Daffadils “haste away so soone” but there’s more to be done in the garden

Faire Daffadils, we weep to see
You haste away so soone:
As yet the early-rising Sun
Has not attain’d his Noone.

~ Robert Herrick, To Daffadills, 1648

In Sunday’s Mail Tribune column (Feb. 18, 2018), I wrote about dancing with the daffodils, which are beckoning springtime right now in the Rogue Valley.  But that isn’t all I’ve been doing in the garden this past warm-winter week. I’ve been taking advantage of the weather to cut back the coreopsis,  purple verbena, foxgloves, feverfew and other perennials that I left up over winter for foraging pollinators.

I like this time of the year. Underneath all of the dead stems and stalks and seed heads new growth emerges. Immediately the garden’s somberness  turns verdant.

Now is also the time of year when I have learned to be ready for any kind of weather. During early springtime in Southern Oregon, the weather can turn on a dime. As a matter of fact, nighttime temperatures are supposed to drop to the teens within the next few days. We may even catch a few more snowflakes in the valley – so different from just yesterday when I gardened in my shirtsleeves!
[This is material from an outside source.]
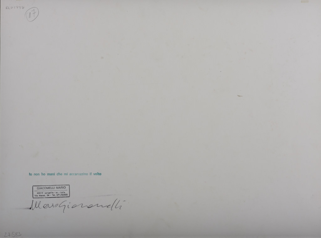 MARIO GIACOMELLI (1925–2000) ‘Lo non ho mani che mi accarezzino il volto’ (There are no hands to caress my face), Pretini 1961–1963
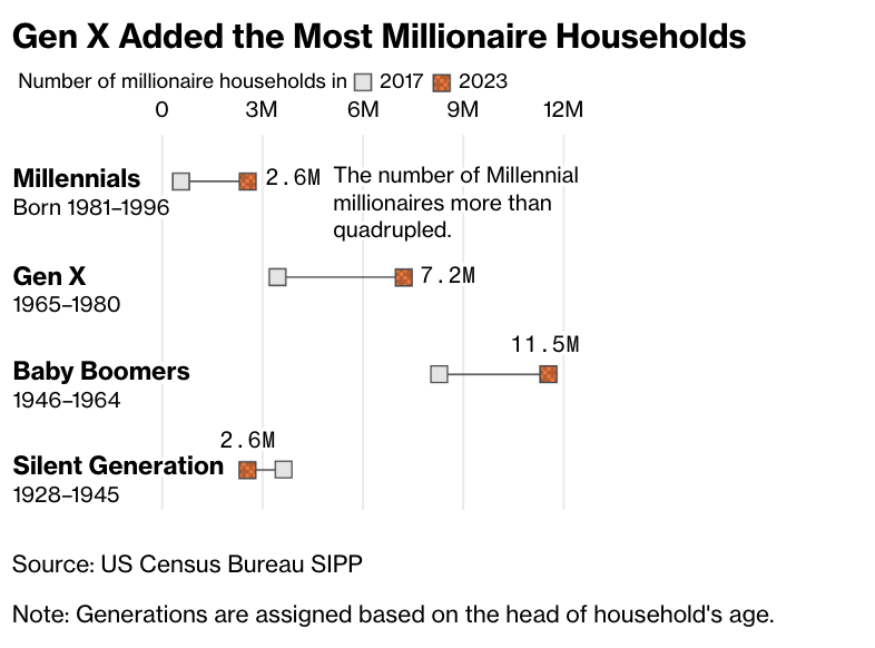 不同世代百万富翁的数量以及他们的财富分布存在显著差异。随着“沉默的一代”(Silent Generation)逐渐离世,唯一呈现数量下降趋势的是1946年前出生的百万富翁。同时,年长的美国人有更多时间积累401(k)或IRA退休储蓄账户,并可以在60岁生日的六个月前开始自由提取这些资金。根据彭博社的分析,千禧一代百万富翁的财富中只有约27%存放在退休账户中,而婴儿潮一代(Baby Boomers)的这一比例则达到了37%。

All of that new growth I’ve uncovered in the garden is vulnerable now; row cover will come in handy to protect the plants when temperatures dip below freezing. Even if the row cover blows off in the wind (as often happens), the outer leaves will help protect the inner foliage and root systems; perennials have a marvelous way of adapting to fluctuating temperatures. These plants have established  in my garden for a few seasons, so they’ve adapted to the micro-climate of my front yard. I’ll plant new perennials after the frost date (around April 28).

As I was clearing out the plant debris, I noticed that I need to thin out a few of the most ambitious reproducers in my garden. These are my purple foxgloves that are quite happy in the partial shade they get closer to the laurel hedge; also the gaura, or bee blossom, plants are maybe a little too content along my front path. Along with some daylilies in my front berm, I need to thin out all of these baby plants and move them to other spots in the garden or share them.

Speaking of rampant producers, there is another reason I like this time of the year. Underneath all of the dead stems and stalks and seed heads I find

Perennial garden after!

fledgling weeds lurking. Like every year, I fool myself into thinking I’m superior and pluck the exposed weeds out without mercy. I know they’ll exact their revenge on me later, but for now I feel triumphant.

One of the mature coreopsis has grown a thick tuft of foliage. I’ve added to my to-do list: thin out some inner leaves so the plant receives more sunlight and air. Without all the foliage, the plant will focus on producing bright yellow blossoms that begin in springtime and last almost until frost (usually around the end of October).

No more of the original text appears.